View Full Version : Lower VAR/VBO performance with newer NVidia drivers



Adrian
01-31-2005, 11:56 AM
I noticed a while ago that the tnl performance of my terrain engine had dropped.

Back in 2003 my terrain engine was getting 95 Million polys/sec with dets 45.23. I'm not sure at what point it changed but with the latest drivers (67.66) I am getting 30 Million polys/sec.

My hardware and the code have not changed. I have a 1.6Ghz AMD and GF5900 Ultra.

I am using drawelements with vertex and texture coordinate pointers and VAR.

glVertexPointer(3, GL_FLOAT, 5 * sizeof(GLfloat), pMeshV);
glTexCoordPointer(2,GL_FLOAT,5 * sizeof(GLfloat), pMeshV+3);

glDrawElements(GLMode,count,GL_UNSIGNED_SHORT,pMes hI);

The interesting thing I've found is that with the old drivers if I removed the texture coordinate code the performance remained at 95 Million polys/sec. With newer drivers performance doubled from 30 to 60 million polys/sec. It's as though the newer drivers have a bottleneck with accessing the data from video/agp memory.

I have ruled out any cpu or fillrate bottleneck.

I thought maybe this was just a VAR issue but I've just changed it to VBO and I get the same poor performance on the newer drivers ~30 Million polys/sec.

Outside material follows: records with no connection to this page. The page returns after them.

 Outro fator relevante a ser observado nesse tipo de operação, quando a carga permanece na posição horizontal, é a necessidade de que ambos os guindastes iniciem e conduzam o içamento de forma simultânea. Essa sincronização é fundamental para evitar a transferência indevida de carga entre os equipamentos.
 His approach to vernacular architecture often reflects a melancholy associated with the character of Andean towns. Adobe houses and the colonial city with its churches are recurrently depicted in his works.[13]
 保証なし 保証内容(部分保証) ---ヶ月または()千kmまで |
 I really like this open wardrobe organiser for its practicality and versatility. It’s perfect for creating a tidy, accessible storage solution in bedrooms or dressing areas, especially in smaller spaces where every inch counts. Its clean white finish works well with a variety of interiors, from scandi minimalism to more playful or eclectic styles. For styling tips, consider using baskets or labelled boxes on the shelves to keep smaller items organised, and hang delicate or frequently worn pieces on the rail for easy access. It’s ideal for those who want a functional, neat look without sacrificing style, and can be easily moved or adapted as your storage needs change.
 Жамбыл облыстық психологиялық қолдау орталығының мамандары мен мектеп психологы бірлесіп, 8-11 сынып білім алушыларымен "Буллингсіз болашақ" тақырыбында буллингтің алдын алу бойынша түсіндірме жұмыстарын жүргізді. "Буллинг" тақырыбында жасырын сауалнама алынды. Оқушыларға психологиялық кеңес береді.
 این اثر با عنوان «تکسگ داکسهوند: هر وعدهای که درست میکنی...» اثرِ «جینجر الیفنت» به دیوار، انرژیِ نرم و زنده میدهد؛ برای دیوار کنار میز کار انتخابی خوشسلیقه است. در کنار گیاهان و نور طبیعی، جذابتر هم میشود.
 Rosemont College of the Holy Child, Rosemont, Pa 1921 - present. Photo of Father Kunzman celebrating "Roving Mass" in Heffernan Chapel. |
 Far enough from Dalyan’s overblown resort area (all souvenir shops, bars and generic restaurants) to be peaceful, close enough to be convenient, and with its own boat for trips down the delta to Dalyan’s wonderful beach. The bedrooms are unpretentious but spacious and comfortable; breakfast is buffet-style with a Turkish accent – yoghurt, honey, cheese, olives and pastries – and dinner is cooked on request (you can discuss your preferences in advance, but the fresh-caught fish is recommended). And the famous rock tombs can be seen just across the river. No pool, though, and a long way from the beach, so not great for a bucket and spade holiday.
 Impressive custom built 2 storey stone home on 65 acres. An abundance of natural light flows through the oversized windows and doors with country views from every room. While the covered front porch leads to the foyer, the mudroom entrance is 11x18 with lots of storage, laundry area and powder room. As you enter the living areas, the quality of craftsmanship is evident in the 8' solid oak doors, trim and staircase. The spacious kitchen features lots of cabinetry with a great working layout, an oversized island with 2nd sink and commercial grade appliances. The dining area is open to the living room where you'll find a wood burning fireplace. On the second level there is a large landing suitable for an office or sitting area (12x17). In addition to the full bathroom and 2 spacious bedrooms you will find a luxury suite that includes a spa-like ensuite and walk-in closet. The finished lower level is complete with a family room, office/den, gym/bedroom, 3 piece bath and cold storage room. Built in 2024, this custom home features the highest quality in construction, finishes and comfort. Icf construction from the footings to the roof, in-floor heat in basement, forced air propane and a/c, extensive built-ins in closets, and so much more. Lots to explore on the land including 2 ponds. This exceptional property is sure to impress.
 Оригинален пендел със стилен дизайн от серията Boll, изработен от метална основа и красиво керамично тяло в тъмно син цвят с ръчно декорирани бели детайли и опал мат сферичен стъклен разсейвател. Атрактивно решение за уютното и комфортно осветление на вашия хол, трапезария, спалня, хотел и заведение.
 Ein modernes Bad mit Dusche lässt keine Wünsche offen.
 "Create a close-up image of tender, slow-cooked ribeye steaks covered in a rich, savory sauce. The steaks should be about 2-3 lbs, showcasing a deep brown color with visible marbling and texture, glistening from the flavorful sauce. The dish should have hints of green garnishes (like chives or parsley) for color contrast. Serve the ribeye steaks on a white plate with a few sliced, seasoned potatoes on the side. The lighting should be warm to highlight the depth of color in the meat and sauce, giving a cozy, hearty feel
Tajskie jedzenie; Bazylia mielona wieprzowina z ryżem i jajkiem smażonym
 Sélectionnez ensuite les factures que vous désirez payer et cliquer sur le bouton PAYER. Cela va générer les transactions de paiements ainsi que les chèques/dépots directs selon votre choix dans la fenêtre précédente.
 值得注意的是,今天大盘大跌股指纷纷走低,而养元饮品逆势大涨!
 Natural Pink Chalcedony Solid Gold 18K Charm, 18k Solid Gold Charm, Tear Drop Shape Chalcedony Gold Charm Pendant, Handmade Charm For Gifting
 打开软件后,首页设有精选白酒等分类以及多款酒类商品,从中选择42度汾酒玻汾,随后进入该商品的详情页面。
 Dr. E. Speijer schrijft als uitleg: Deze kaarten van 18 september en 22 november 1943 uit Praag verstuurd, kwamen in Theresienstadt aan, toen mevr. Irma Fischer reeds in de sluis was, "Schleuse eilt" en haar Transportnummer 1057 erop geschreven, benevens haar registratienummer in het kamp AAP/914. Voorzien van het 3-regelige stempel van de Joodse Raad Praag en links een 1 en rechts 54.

Can anyone shed any light on this?

sqrt[-1]
01-31-2005, 01:34 PM
I read on another forum a similar bug (using VAR, getting big performance drop on latest drivers)
Were you using VAR and requesting the buffers in video memory? (ie. not AGP memeory)

The issue turned out to be that latest drivers are more optimized for VBO(as they should be) and VBOs seem to make use of AGP memory.

End result was that the motherboard/AGP drivers were not installed on the tested machines-> poor AGP performance -> poor VAR/VBO performance.
(They seemed to indicate that VAR was giving AGP mem even when the old values for video were used)

I'll dig out a link if you want..

Edit: Link
http://www.gamedev.net/community/forums/topic.asp?topic_id=291251&PageSize=25&WhichPage=1

Adrian
01-31-2005, 02:08 PM
Thanks for the link. Yes on newer drivers VAR seems to be allocating AGP instead of video memory even though I'm requesting video memory.

I hope I'll be able to get the VBO performance up to VAR performance, though if it only ever uses AGP thats probably impossible.

Adrian
01-31-2005, 03:56 PM
Ok, I have it working at 105 Million polys/sec now, VBO obviously does use video memory fine.

I was allocating too much memory so VBO made it AGP.

dorbie
02-01-2005, 12:50 PM
Originally posted by Adrian:
Ok, I have it working at 105 Million polys/sec now, VBO obviously does use video memory fine.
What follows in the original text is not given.